If you’re looking at some legacy code right now and thinking “I can’t do that,” don’t worry. Wrapping legacy code isn’t as difficult as it sounds. Here are some guidelines for dealing with legacy code:
1. Don’t change the legacy code itself. Ever. Treat it as a black box. Instead, create an interface that acts as a bridge from your new system to the old one.
2. Start by writing tests against the legacy system so that you have something to guide your refactoring efforts. Make sure they’re fast and reliable; if they’re not, most developers won’t run them every time they make a change to their own code.
Let’s talk about legacy code.
Consider this quote from a book on software testing:
“The term legacy code usually refers to source code that predates the current project.”

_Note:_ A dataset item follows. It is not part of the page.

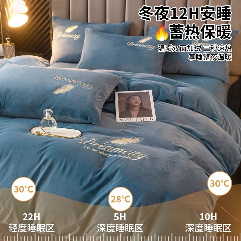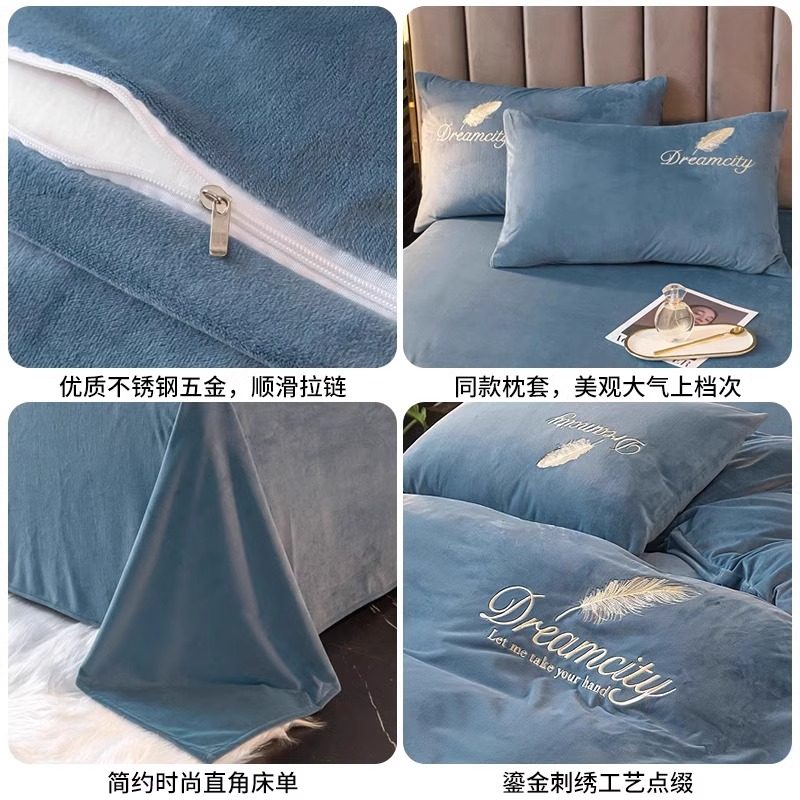 冬季加绒被套单件牛奶绒珊瑚绒宿舍单人单独毛绒被罩1.5米四件套3

I read this quote and I think, “What a ridiculous definition.” What is the alternative? That you can only call it legacy if it’s older than you? If you’re working in a shop that has not had a major rewrite of their code base for thirty years, then by their definition your whole system is legacy. By that definition, the majority of software in the world is legacy.
And the problem is not just semantic nitpicking. The idea that “legacy” means “old” leads to some really bad ideas about how to deal with old code. Consider these quotes:
“You might be surprised at the problems that can be solved simply by upgrading your libraries or language.” (emphasis mine)
Or the following quote:
“A good rule of thumb is to avoid using any functionality that was introduced more than two versions ago.”